2-  I recently added a couple of pictures and was wanting to "tag" some of the members that were in them, but it wouldn't let me tag them.  Didn't know if this was set up by Facebook programmers to keep businesses/organizations from tagging people or scamming people.

3-  If any of you have Facebook Page for your lodge, Scottish Rite, York Rite, or any other Masonic body with, please let me know the URL on Facebook for it so that I can "Like" or add it and it can come across our News Feed as well.  You can either post it on here in the forum, in a private message to me, or if you go to our Facebook Page, leave it on the wall and I will make sure to check it out.

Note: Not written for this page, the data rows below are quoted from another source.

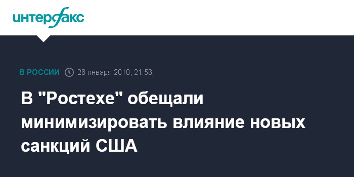 Москва. 26 января. INTERFAX.RU - В государственной корпорации "Ростех" заявили, что последствия новых санкций США, в том числе против "Технопромэкспорта", будут преодолены.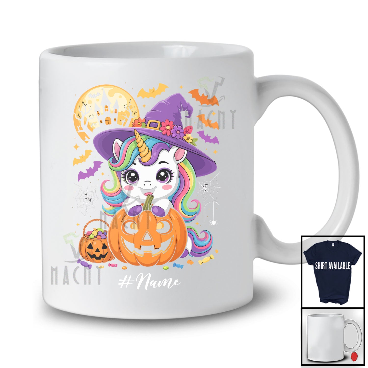 • Personalized Custom Name Witch Unicorn Holding Carved Pumpkin; Lovely Halloween Moon Family T-Shirt. This cotton t-shirt is a durable staple product with a classic fit. One of the most popular items, it has a relaxed style made for everyday and casual wear.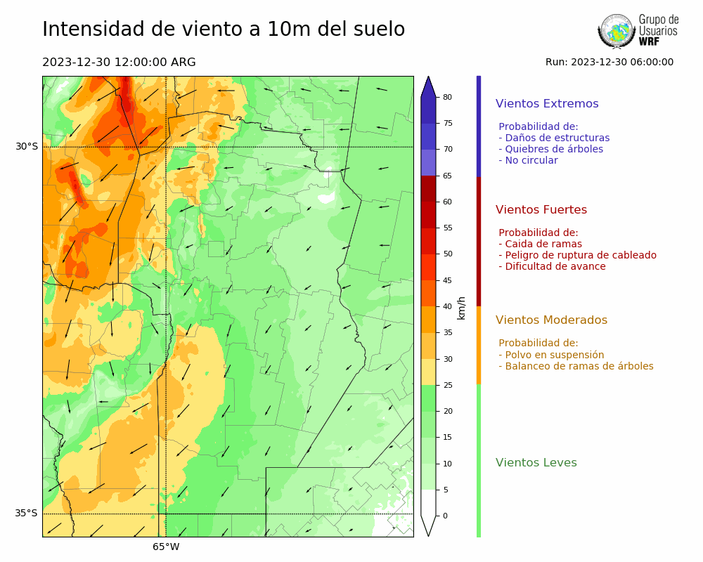 • Intensidad máxima: 9.48 km/h (31/12/2023 04hs.)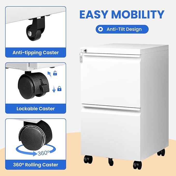 - 【Mobile File Cabinet 】: Equipped with 2 lockable casters + 2 x 360° swivel casters + 1x anti-tilt wheel, you can move this filing cabinet easily. 360° swivel casters go to any direction easily, while lockable casters offer braking and the center support wheel prevents tipping.

Thanks a lot, Brothers.  Looking forward to hearing back from ya'll soon.


----------



## LukeD (May 7, 2012)

For being an Army guy and not having any pictures to help you set up the site, I think you did a wonderful job.  In all honesty, it really looks great.


----------



## Michaelstedman81 (May 8, 2012)

Hahahah Thanks a lot.  There was a lot of trial and error before I clicked the "Publish" button...lol  Thanks, Brother.



LukeD said:


> For being an Army guy and not having any pictures to help you set up the site, I think you did a wonderful job.  In all honesty, it really looks great.


----------



## Brent Heilman (May 8, 2012)

I have to agree with Bro. Luke. Not bad for an Army guy. The page looks great Brother and I can see nothing it is lacking other than activity. That will come with time though. I am thinking about doing the same for our Lodge and I am planning on bringing it up tonight at the stated meeting. Keep up the good work.


----------



## Daniel Mosmeyer (May 8, 2012)

Looks good! 

Here is the link to Floresville Lodge #515

https://www.facebook.com/#!/pages/Floresville-Lodge-515/371926636610


----------